As you can see above, most called function was substr. The function itself is not slow, but it was called over 1.5M times. I knew that function calls are generally quite expensive in PHP, so I wanted to reduce it however I can. First fix was very simple. I’ve replaced

substr($word, 0, 1)

with array access:

$word[0]

That itself reduced substr function call count to less than 1M, and gave about 20% speed boost (current execution time: ~0.69s). I also removed temporary variables used only once, but that gave almost unnoticeable gain. (code of the current version)

2014-08-08_15-19-03

But that was still not enough.
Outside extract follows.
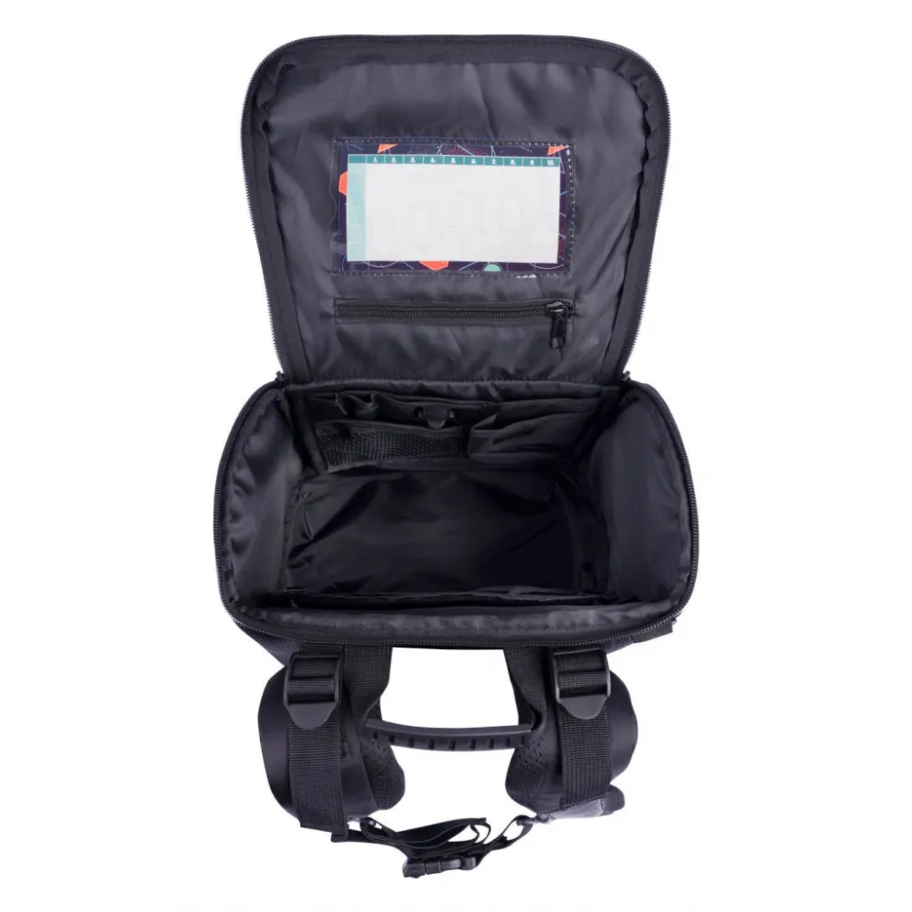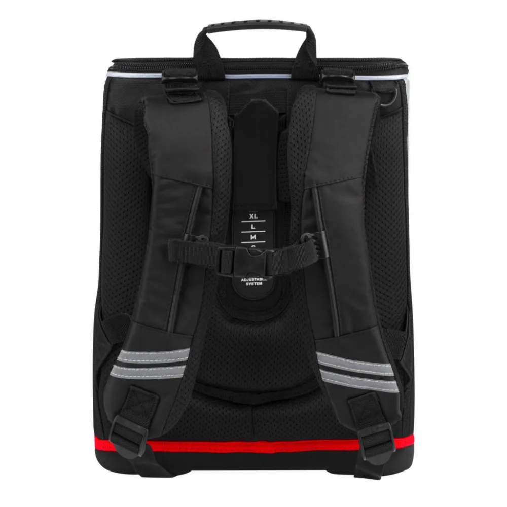 • Ergonomická školní aktovka s vyztuženým tělem, vnitřním organizérem a třemi oddělenými kapsami.

Knowing that function calls are expensive, you might thing about rewriting recursive algorithm to an iterative version. That might not be fair while using other algorithm in other languages, but hey, you have to know your language’s strengths and weaknesses. That change was done by the author of the initial code.

This change lowered execution time to ~0.55s, which is 19% gain from the previous iteration, and 36% total gain.
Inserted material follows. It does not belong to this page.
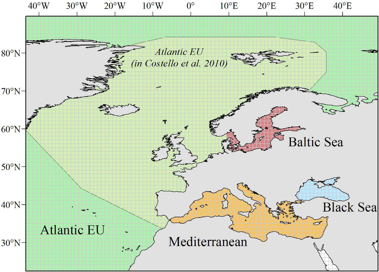Finally, we evaluated the data taxonomical completeness by comparing the total number of species per taxa and basin, with analogous results reported by Costello et al. (2010) and, hence, for the CoML. As the Atlantic EU basin, we considered here a wider area than the one used in Costello et al. (2010), in order to incorporate marine waters around the Macaronesia (including Azores, Madeira, and Canary Islands), and the northernmost Atlantic waters. However, and for comparison purposes, we also considered here what Costello et al. (2010) defined as Atlantic EU (Figure 1). It is also worth noting that the Black Sea constitutes an addition to the basins considered in Costello et al. (2010).

Also, it was possible to rewrite closure to a form of a generator. That part was provided by Filip Górny on PHPers group on Facebook (PHPers is a network of Polish PHP meetups).

This code allowed me to go below 0.5s – lowest run time that I achieved was about 0.49s. Not a big difference from previous version, but nevertheless noticeable. At this point I’ve concluded by toying with the code. I was thinking about looking at opcode level, but I decided that it was too much.

I finished modifying the code, but I was curious if the newest achievements in PHP core could be of any help. I downloaded and compiled the so-called php-ng, a branch of PHP with experimental core modifications focused on performance improvements. As it was to be expected, I didn’t disappoint. The last version of the code under php-ng was running in about 0.235s. Now that was the number that satisfied me.

But I also wanted to be fair and check also the other new player in PHP world – HHVM from Facebook. HHVM has a different paradigm than php-ng – it is a virtual machine with Just-In-Time compiler. But whatever it is, it’s also known to work faster than the vanilla PHP interpreter, and after tests it proved worthy of its opinion. The code was running even faster than php-ng, with some run times even below 0.2s

And that concluded my tests. Below you can find a table with run times for all executors, with 20 consecutive runs for each one.

php-5.5 php-ng hhvm
t1 0.633 0.248 0.262
t2 0.621 0.241 0.249
t3 0.530 0.233 0.203
t4 0.592 0.324 0.204
t5 0.557 0.240 0.202
t6 0.612 0.229 0.294
t7 0.539 0.219 0.202
t8 0.611 0.337 0.203
t9 0.558 0.220 0.204
t10 0.538 0.218 0.235
t11 0.531 0.220 0.228
t12 0.516 0.248 0.206
t13 0.540 0.217 0.202
t14 0.542 0.225 0.205
t15 0.564 0.219 0.237
t16 0.537 0.312 0.204
t17 0.553 0.218 0.207
t18 0.568 0.221 0.223
t19 0.548 0.221 0.258
t20 0.658 0.312 0.201
min 0.516 0.217 0.201
max 0.658 0.337 0.294
avg 0.567 0.246 0.221
median 0.555 0.227 0.206

Now it’s time for some conclusions.

First one is obvious: PHP can be as fast as other languages (or, better, interpreters/virtual machines of the other languages).

Second, know thy language. I know that it might not be very ingenious, but languages differ. Syntax is most obvious difference, but also some languages excel in different fields than the others. Some languages prefer one structure over another. Here it was seen that it’s better to avoid too many function calls, so iterative algorithms are favored over recursive ones. Also, you have to know the ecosystem to know that there are alternative interpreters or virtual machines.

Third and last conclusion is that this kind of benchmark-type comparisons are pointless (only worse are synthetic tests). It’s very easy to omit some small issue and language intricacies, and the results will differ greatly. PHP is not a language that will be chosen for a large scale data analysis, and it won’t be chosen for a reason – there are better languages for that task. Is this a problem? Definitely not. There are no languages that excel in each and every application, and there’s no need for them to. We have a lot of different languages to choose, so let’s choose wisely appropriate language for a given application.